Di samping itu, MHU juga membangun sarana air bersih ramah lingkungan dengan teknologi pompa hydraulic ram (hidram) dan Water Treatment Plant E-West pada 2023. Fasilitas air bersih tanpa listrik pertama di Kutai Kartanegara ini berada di Desa Sungai Payang, Kecamatan Loa Kulu.
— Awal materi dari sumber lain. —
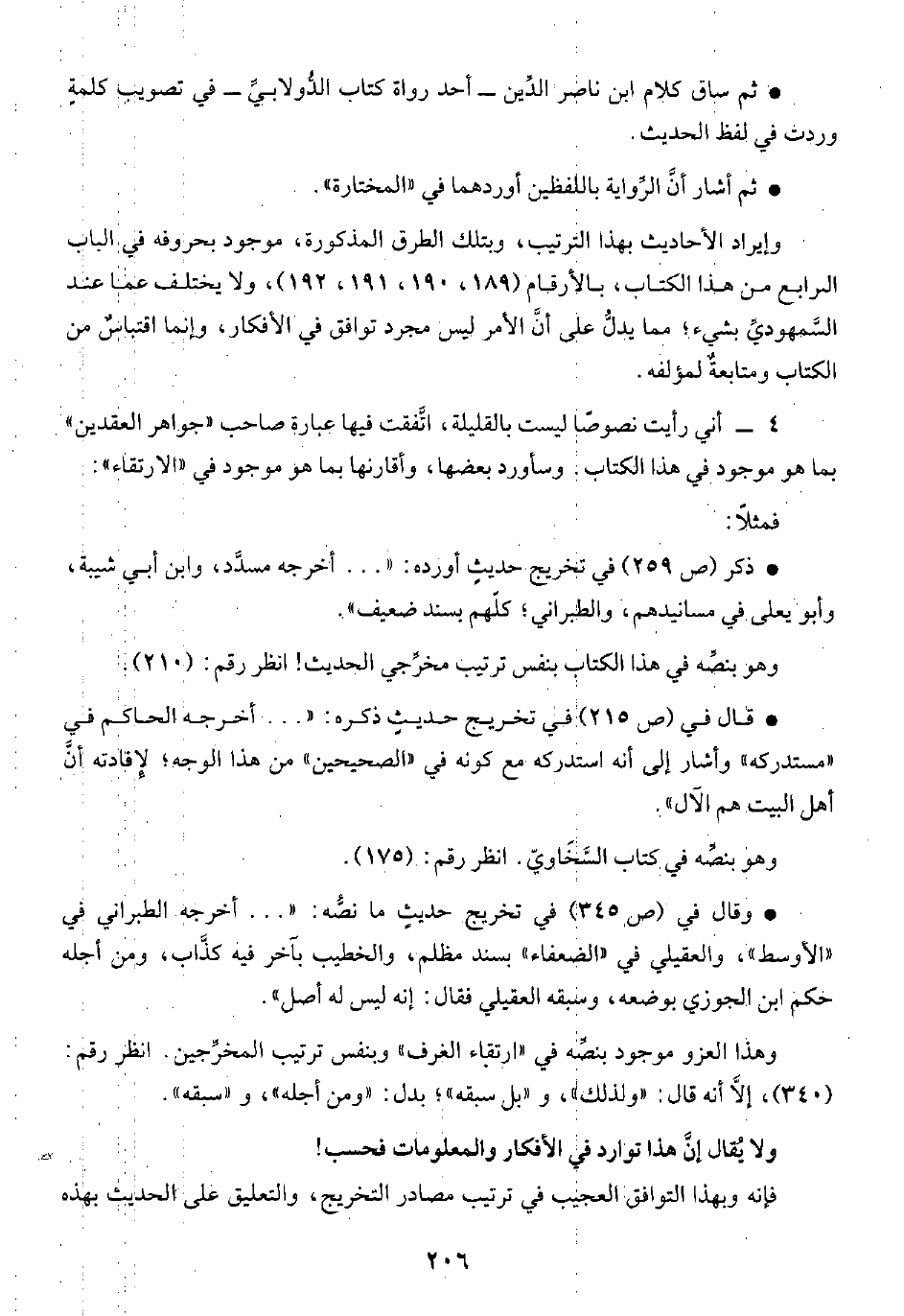 ٤ - أني رأيت نصوصًا ليست بالقليلة، اتَّفقت فيها عبارة صاحب "جواهر العقدين" بما هو موجود في هذا الكتاب. وسأورد بعضها، وأقارنها بما هو موجود في "الارتقاء": فمثلًا: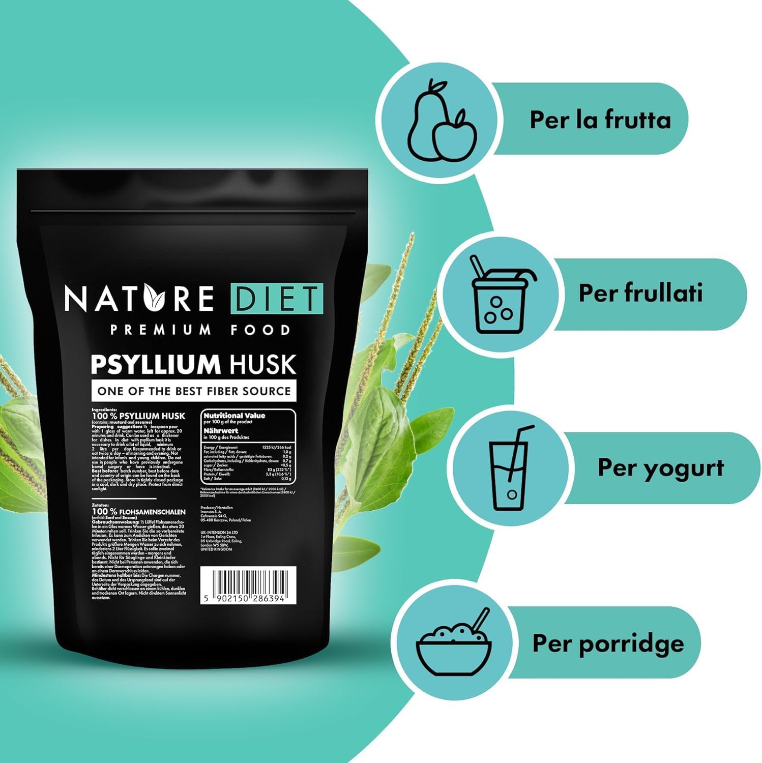 Le Bucce di Psillio Nature Diet sono un ottimo integratore per chi desidera aumentare l’apporto di fibre nella propria dieta, soprattutto per chi segue regimi alimentari specifici come keto o low-carb. Con la loro versatilità e benefici, possono essere un’aggiunta preziosa alla routine alimentare. Tuttavia, è importante usarle con moderazione e prestare attenzione a come il proprio corpo reagisce. Consigliate a chi cerca di migliorare la propria salute gastrointestinale e a chi ama sperimentare in cucina!

Baca juga: MMSGI Tawarkan Model Sirkular Air di Lanskap Pascatambang
Pompa tersebut bekerja dengan memanfaatkan perbedaan elevasi sekitar tiga meter dari sumber air dan 30 meter dari pompa ke WTP E-West dengan jarak aliran air sekitar empat kilometer.
Untuk memastikan kelancaran aliran air, MHU telah memasang sebanyak tiga unit dan dua unit pompa hidram di area kolam pascatambang sebagai sumber air tambahan.
Dengan ketersediaan air bersih, masyarakat lingkar tambang kini dapat menikmati sumber air secara mudah. Hal ini belum pernah mereka rasakan sebelumnya.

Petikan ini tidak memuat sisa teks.